Завлаб кивнул на мишень с шипомордником.
– И это происходит с пугающей стремительностью: чудовища появляются и мутируют чуть ли не быстрее, чем культура плесневого грибка в чашке Петри. Вы ведь читали Гарри Гаррисона?
Егор смущённо улыбнулся и пожал плечами.
– Зря, молодой человек, зря, отличный фантаст. Например, его «Стальная крыса»…
– Я как-то фантастику не очень…
– Напрасно, юноша, в нашей ситуации она порой бывает очень полезна. Я ведь почему упомянул о Гаррисоне: в его «Мире смерти» люди сражаются с экосистемой планеты, которая для противодействия им создаёт разных чудовищ. И если кто-то покидает планету, скажем, на месяц, то по возвращении проходит инструктаж: какие новые смертоносные создания появились за время его отсутствия? Так вот, в Карачи, похоже, дело идёт к чему-то подобному.
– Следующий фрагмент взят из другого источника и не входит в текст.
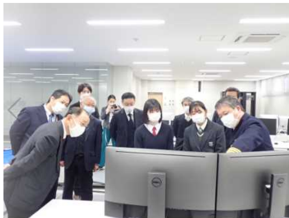
愛称選考委員による施設見学の様子 令和4年12月14日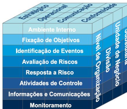
Figura 2 - Método utilizado pelo COSO II

O COSO II é representado por uma figura em forma de cubo, que mostra as quatro categorias de objetivos (estratégicos, operacionais, de comunicação e conformidade), estão representadas nas colunas verticais, os oito componentes nas linhas horizontais e as unidades de uma organização na terceira dimensão. Essa representação ilustra a capacidade de manter o enfoque do gerenciamento de riscos de uma organização, ou na categoria de objetivos, componentes, unidade da organização ou qualquer um dos subconjuntos. (COSO, 2007, p.7). Esse modelo está representado na Figura 2.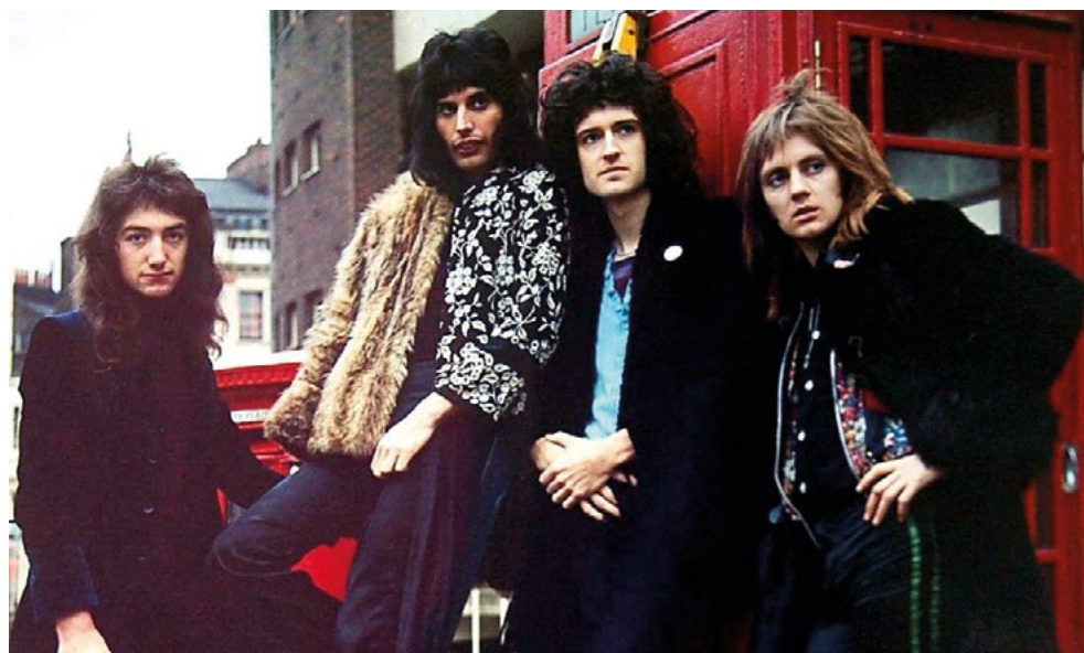
Queen, en sus inicios

Завлаб оглянулся. Сотрудники закончили приборку, сгрудились вокруг инструктора и задымили сигаретами.
– Так о чём я? Невооружённым взглядом видно, что пакистанцы войну проигрывают. И при этом совершенно точно известно, что в глубине Леса Карачи есть люди! Они сумели как-то приспособиться – правда, связи с ними, в отличие от тех, кто живёт в Московском Лесу, нет.
– Любопытная точка зрения. – осторожно ответил Егор. – Так вы считаете, что совпадение реальных событий с тем, что написано в книге, неслучайно, и Лес повторяет её сюжет?
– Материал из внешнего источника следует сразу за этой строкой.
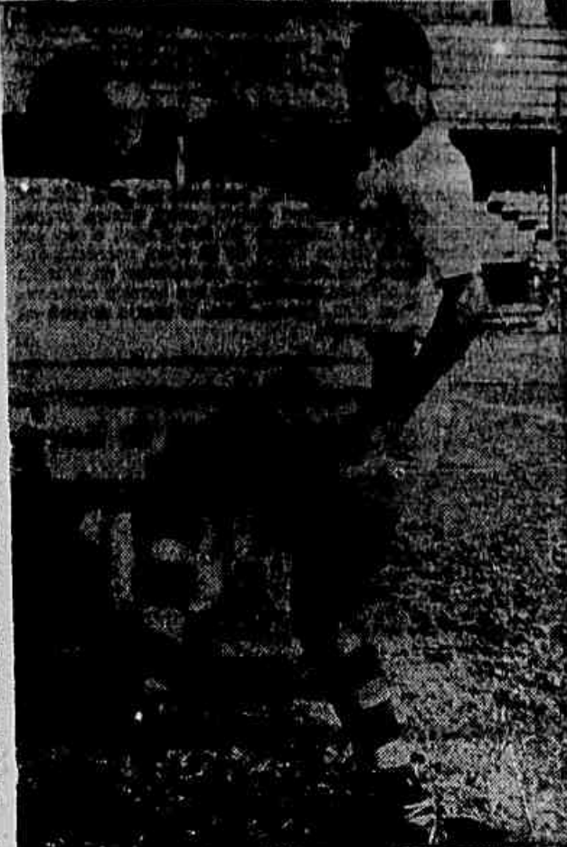
O veloz ponteiro Lusurinha (foto), estará presente no jogo de hoje, contra o Vasco

Será por todos estes motivos, um jogo muito bom, podendo levar ao Pacaembu, uma assistência considerável.

– Как знать, молодой человек, как знать… Я всегда полагал, что Лес, выстраивая отношения с цивилизацией, с людьми, пользуется образами, ими же и порождёнными. Возьмите судьбу Токио – что это, как не воплощение историй о гибели Японии от чудовищного катаклизма? Когда-то они были весьма популярны – «Гибель дракона» Сакё Комацу, фильмы про Годзиллу, бесчисленные манги… А Нью-Йорк? Именно американцы ли сняли множество фильмов о городе-тюрьме, отгороженном от остального мира стеной. «Побег из Нью-Йорка», «Побег из Лос-Анджелеса»…. впрочем, вы их, скорее всего, не видели.
Егор согласно кивнул.
– Ну, хорошо – Карачи, Нью-Йорк, Токио… допустим. А Сан-Паулу? Про то, что там происходит, тоже есть фильм? Или книга?
– Конечно, и не одна! Город, затерянный в джунглях, населённый дикарями-людоедами – излюбленный штамп приключенческой литературы. – улыбнулся Яков Израилевич. Снисходительно так, будто беседовал с ребёнком.
– Впрочем, не стоит воспринимать мои слова слишком буквально. Это лишь одна из версий, есть и обратная точка зрения.
– Обратная? Это как?
– Один неглупый человек сказал, что наш разум не способен породить ничего, что не существовало бы на самом деле. Возможно, мы столкнулись с воплощением реальности, которую когда-то подглядели в своём воображении писатели и сценаристы.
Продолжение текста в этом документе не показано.